To have a well rounded core stability program you need: Anti-extension exercises, anti-flexion exercises, rotary stability exercises, and anti-lateral flexion exercises.

Anti-Extension

These exercises help you resist hyperextension of the lumbar spine, which is hugely important for injury prevention. The lumbar spine is meant to be a stable joint with relatively little movement occurring there. So, exercises in this category can help not only with the strength of the muscles needed to keep the lumbar spine stable, such as the rectus abdominus, transverse abdominus, and erector spinae, but also with proprioception.

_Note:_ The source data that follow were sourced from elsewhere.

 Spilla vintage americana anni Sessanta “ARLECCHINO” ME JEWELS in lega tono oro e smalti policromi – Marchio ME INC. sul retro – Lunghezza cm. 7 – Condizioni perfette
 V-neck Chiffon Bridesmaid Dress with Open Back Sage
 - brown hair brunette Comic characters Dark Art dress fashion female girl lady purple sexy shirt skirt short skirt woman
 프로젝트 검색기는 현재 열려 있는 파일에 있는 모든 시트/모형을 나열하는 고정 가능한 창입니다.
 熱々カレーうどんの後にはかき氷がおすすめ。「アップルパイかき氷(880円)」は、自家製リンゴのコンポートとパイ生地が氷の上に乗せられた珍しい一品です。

Prone planks fall into this category and are a basic starting point for many people, and even as you progress in the gym, plank variations should remain a staple of your core stability training. As you improve your core stability you can make planks more challenging by making them single leg planks, or adding movement of the arms or legs.

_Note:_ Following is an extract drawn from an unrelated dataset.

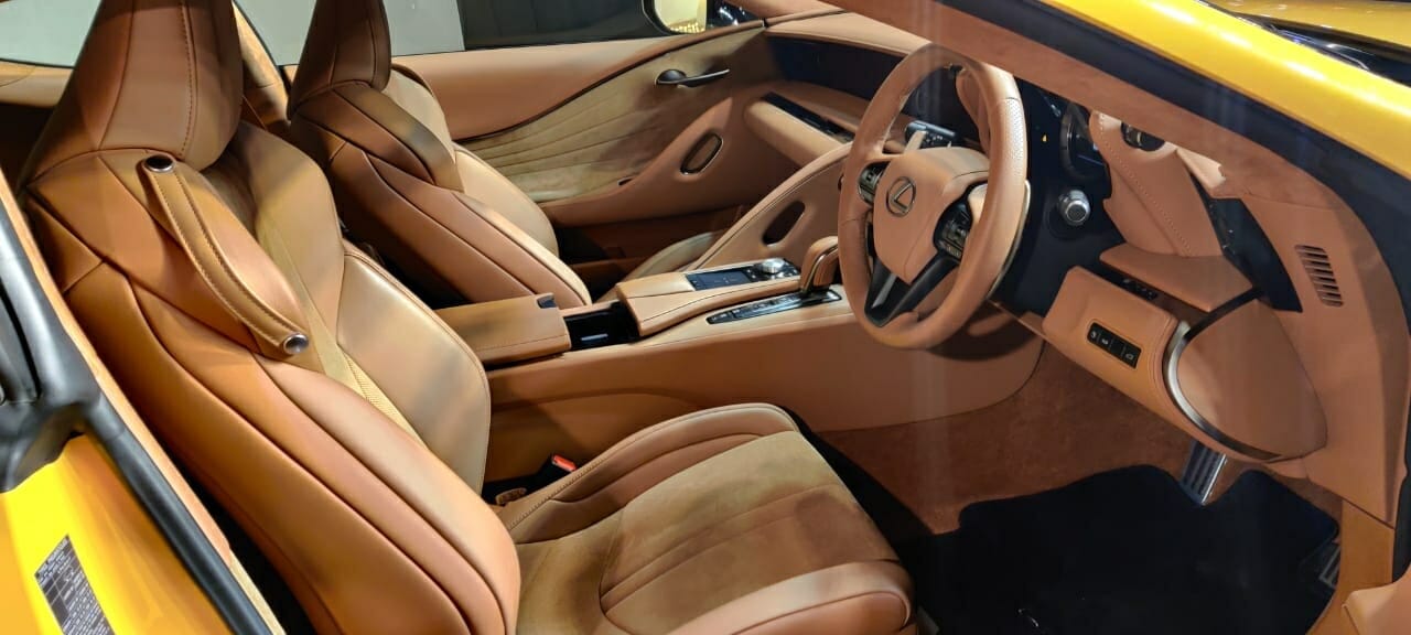 Inside, the cabin is full of craftsmanship and features a large infotainment system in the centre which is Apple CarPlay and Alexa compliant. Audio is routed through a 12-speaker system and an LFA-inspired G-meter is displayed on the 8-inch monitor behind the wheel. Everything is surrounded in the richest hide, although space at the back won’t rival a proper sedan’s rear seat. The 10-speed gearbox’s intelligence can be intervened through magnesium paddles behind the wheel and on-board safety systems include a rear camera with guidelines, triple-beam LED headlights, a blind spot monitoring system, optional park assist and 10 airbags.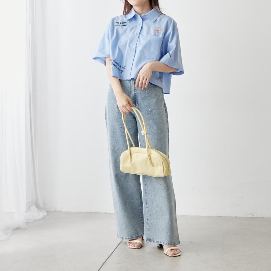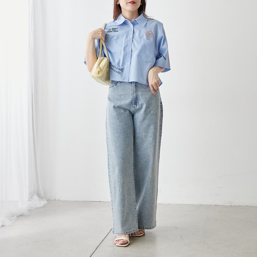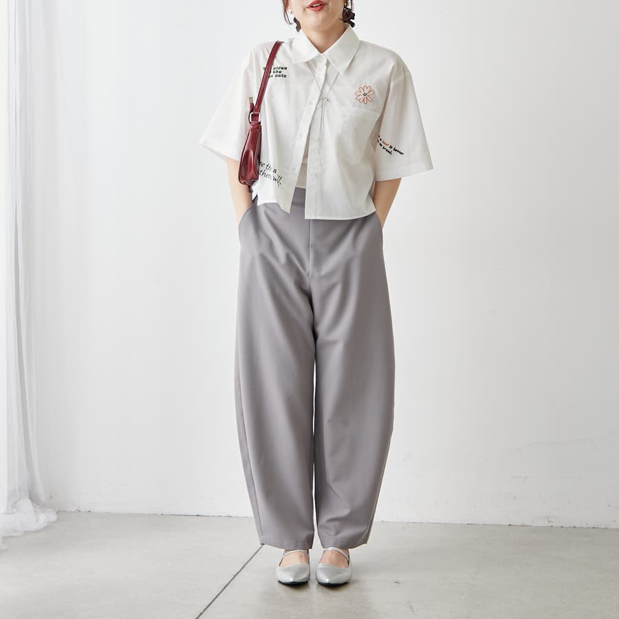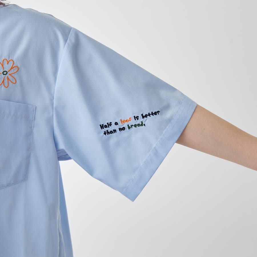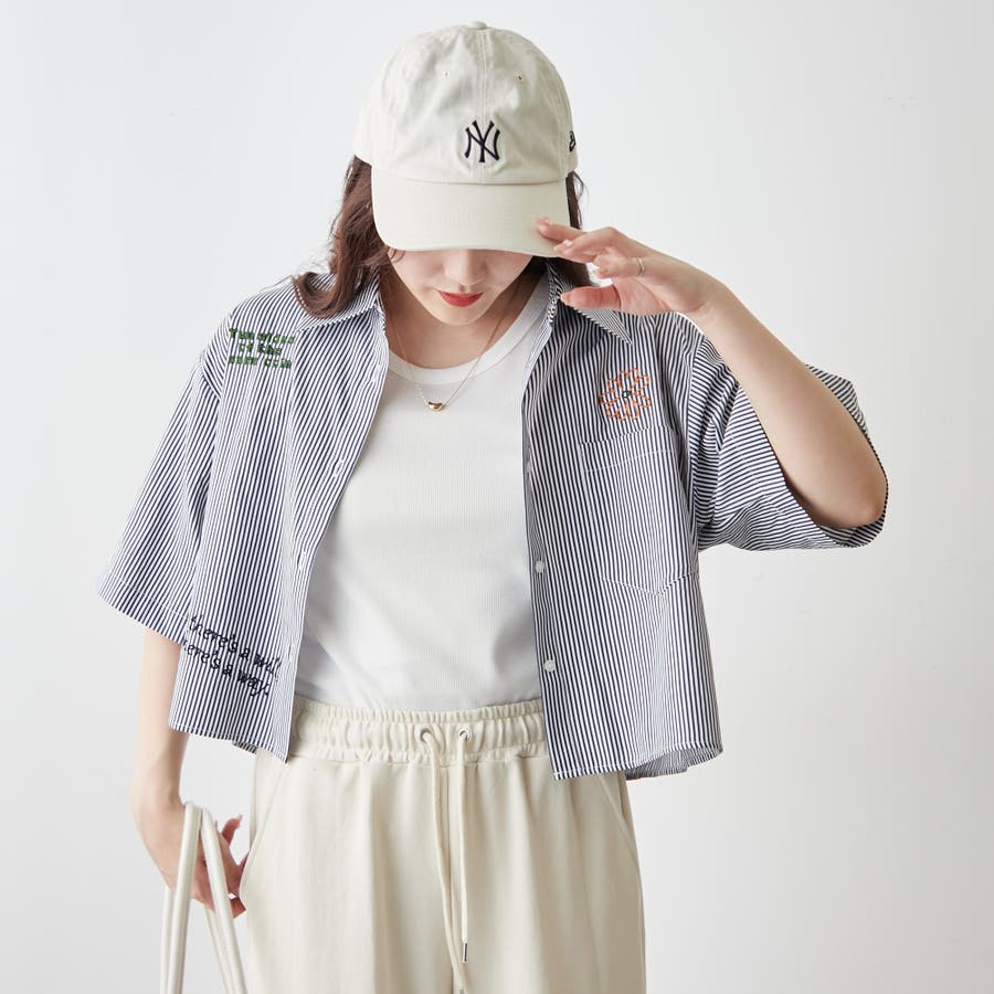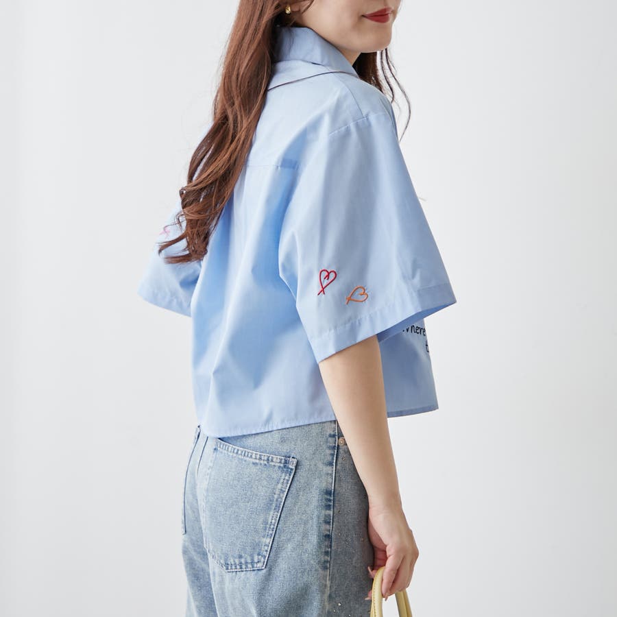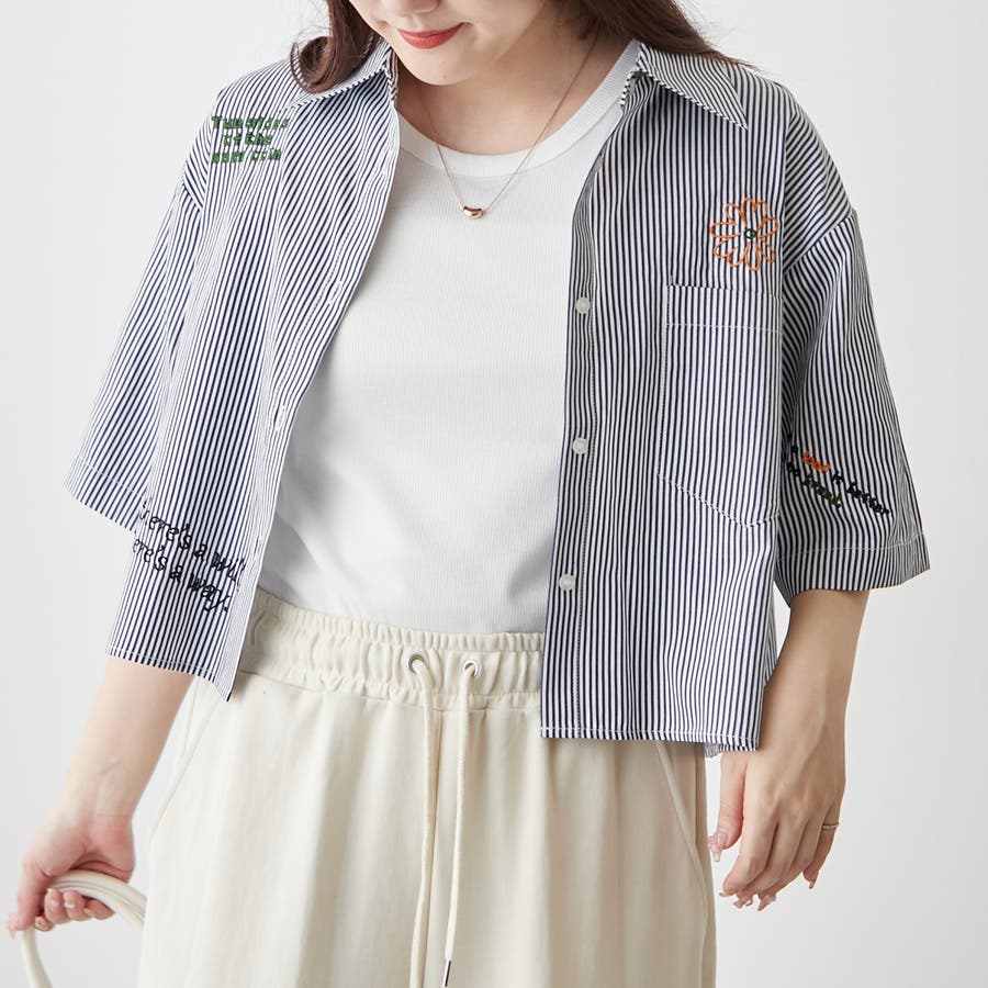 ・カラフルな刺繍がポップで可愛いショート丈シャツ

The most advanced plank: the cake plank.
Anti-Flexion

These exercises help you resist flexion (rounded back) of the spine. Loading a flexed spine can lead to greater injury risk and less efficient and powerful movements. Not all spinal flexion is bad (think finishing a pitch), but it’s not a position we need to hang out in all the time. Deadlifts are a great example of this. Picking up heavy weight with a neutral spine can be a pretty difficult thing, but resisting the urge to round your back will help strengthen these muscles, like the erector spinae and rhomboids (muscles that help you maintain upright posture among other functions) and groove a more efficient movement pattern. Deadlifts aren’t for everyone, so other options to help you resist flexion are goblet squats, or other front loaded movements, and deadlift variations, like RDL’s.

Rotary Stability

These exercises will help you resist rotation, and they generally involve an isometric contraction of the abdominal muscles, especially the internal and external obliques. One of the ways I like to explain these is that they are the brakes for rotation. You need to learn how to resist rotation and maintain good posture before you can learn to safely and efficiently rotate. Pallof presses and side planks are great examples of this, and are two exercises I often start people with before we move on to rotation.

Anti-Lateral Flexion

These exercises will help you resist leaning to one side. Maintaining a neutral spine is important for maximizing the potential energy at the beginning of a movement. 1-Arm farmer’s walks are a good example of this, as they force you to stay upright while carrying a heavy load on one side of your body. Single arm overhead pressing would be a more advanced movement that would fall into this category, but that also combines some of the other core stability aspects as well.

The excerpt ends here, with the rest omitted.